Currently the book I am reading The Giver by Lois lowry is an interesting book based on the setting where life is perfect and where new things aren't experienced to the people. The way the life in this book is controlled is because of the "The Comittee"(group of officials), the comittee is never defied by the people because of there accustom to the way of life they have always had for generations. Yet even though the charecter follows this way of life he learns new things about the community, which is met by the meaningful interactions with charecters.
One meaningful interaction with a charecter is when he meets Larissa. Jonas learns more about "release" which is where people go once they are considered old enough or when babies aren't healthy enough. It is described as going somewhere else, but this is a guess that is made by the peolple of the community. The people don't reall.y know what release is,it is ironic for the fact that the community is very specific, but they describe release as such a broad term. In this part of the book Larissa describes release as a mysterious sort of thing, quote "Nobody knows where they go". Which Jonas finds strange because of the fact that release was just a pleasant leave from the community. This scene is very meaningful because this is where Jonas first learns that the community isn't a place where everything isn't kept a secret, which is ironic for the fact that the community's important moral is to not lie, even in the sense that you are saying a hyperbole like "it's a million degrees outside". Which is punishable in the community.

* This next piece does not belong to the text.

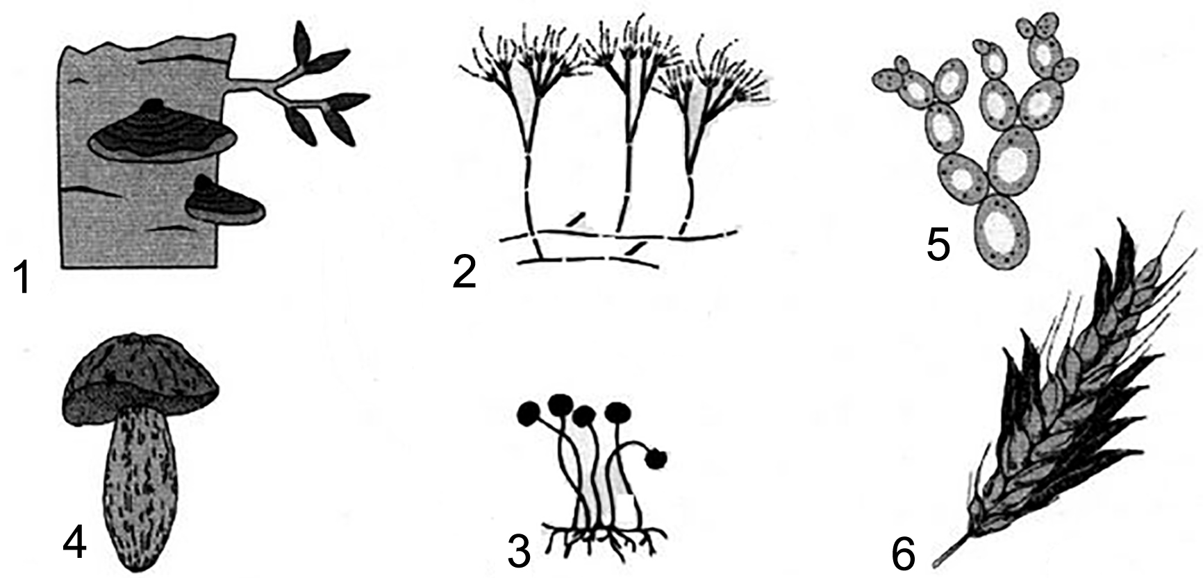 - В норе Нюхлера вы видели субстратный мицелий грибов. На поверхности земли можно встретить воздушную часть мицелия. Рассмотрите различные грибы (рис. 4) и подберите к ним соответствующие признаки: А) образует микоризу, Б) в 1929 г. открыл А. Флеминг, В) плесневый с многоклеточной грибницей, Г) делятся на трубчатые и пластинчатые, Д) паразитирует на деревьях, Е) низшие грибы. Ответ: 422413.

Another meaningful interaction Jonas encounters with another charecter is with the Giver. This is probably the biggest interaction Jonas has in the book. The first meeting Jonas has with the Giver is meaningful because Jonas learns that the perfect world he's living in isnt always the perfect world he thought it was. Jonas learns about pain that he has never experienced in the community besides pain, like falling of a bike or crushing your finger in the door. Jonas also learns about the original land it used to be before the perfect land he lived in was made. Jonas learns of the climate change that was made, how natural landscapes were broke down just to make there life easier. Which kind of describes the way there community is run. If your not good enough your released just how babies are if they don't reach the requirements that considers them a healthy baby. Also if your not good enough your kicked out, or released to anohter territory. The Giver takes away Jonas's imaginary blindfold and shows him reality.

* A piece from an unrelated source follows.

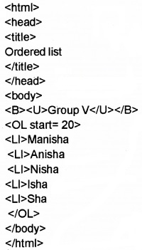 Your class selected you as the group leader of Group V. In your group there are 5 students with Roll No. 20 to 24. Prepare a list using appropriate tag in HTML.
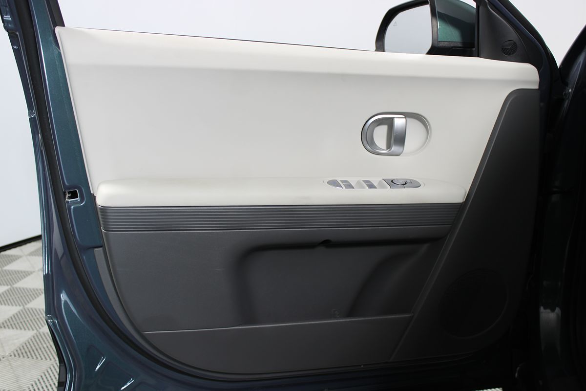 The 2024 Hyundai IONIQ 5 SE RWD in Digital Teal radiates a futuristic yet sophisticated presence, epitomizing modern automotive design. Its striking exterior is accentuated by sleek LED headlights and carefully sculpted contours that not only enhance its aesthetic appeal but also contribute to its aerodynamic efficiency. Complementing this vivid exterior is the refined Gray interior, offering a serene environment that seamlessly merges comfort with cutting-edge technology. This electric marvel is equipped with a host of advanced features designed to elevate the driving experience. Active cruise control and forward collision warning ensure peace of mind on long journeys, while the blind spot monitor and lane departure warning aid in maintaining safety in busy traffic. The inclusion of lane keep assist further bolsters the vehicle's safety capabilities, allowing for a smoother, more controlled ride, even on winding roads. Heated seats add a layer of comfort, ideal for chilly mornings, and parking assist provides added convenience in tight urban spaces. Bluetooth connectivity ensures you stay linked to your digital world, making every journey enjoyable and productive. Additional features such as a first aid kit are completed with essential items like a first aid kit and carpeted floor mats.

Jonas also has a meaningful interaction with the charecter Fiona. Fiona is the girl that Jonas volunteers with for the old care takers. Fiona is where Jonas first describes his feelings of want. Jonas volunteered with her for the old and has a dream about it almost as a dream about sexual intentions, about him wanting to get Fiona to get in the bathtub so he could wash her. Which is normal, but the community takes precautions by giving them medicine, which shows how the lives of the people in the community is controlled by the commitee. It shows how the commitee only cares about the order of the community and not the wants of the people. It shows that the commitee cares more about the town then the actual people living in it. This is also a surprising interaction between Jonas and a charecter because Jonas finally expresses a want for the pleasant feeling he had of the dream of Fiona in the bathtub. Which is surprising because wants aren't heard of in the book becasue everybody obeys the order of the commitee and never asks for anything else, yet Jonas defies it.
Jonas has meaningful interactions throughout the whole book, that shows Jonas's growth as a charecter. Perfectness is the life that is described in the book, the perfectness that Jonas is starting to subside. As well as learning things of the community he has never known or thought to have exist.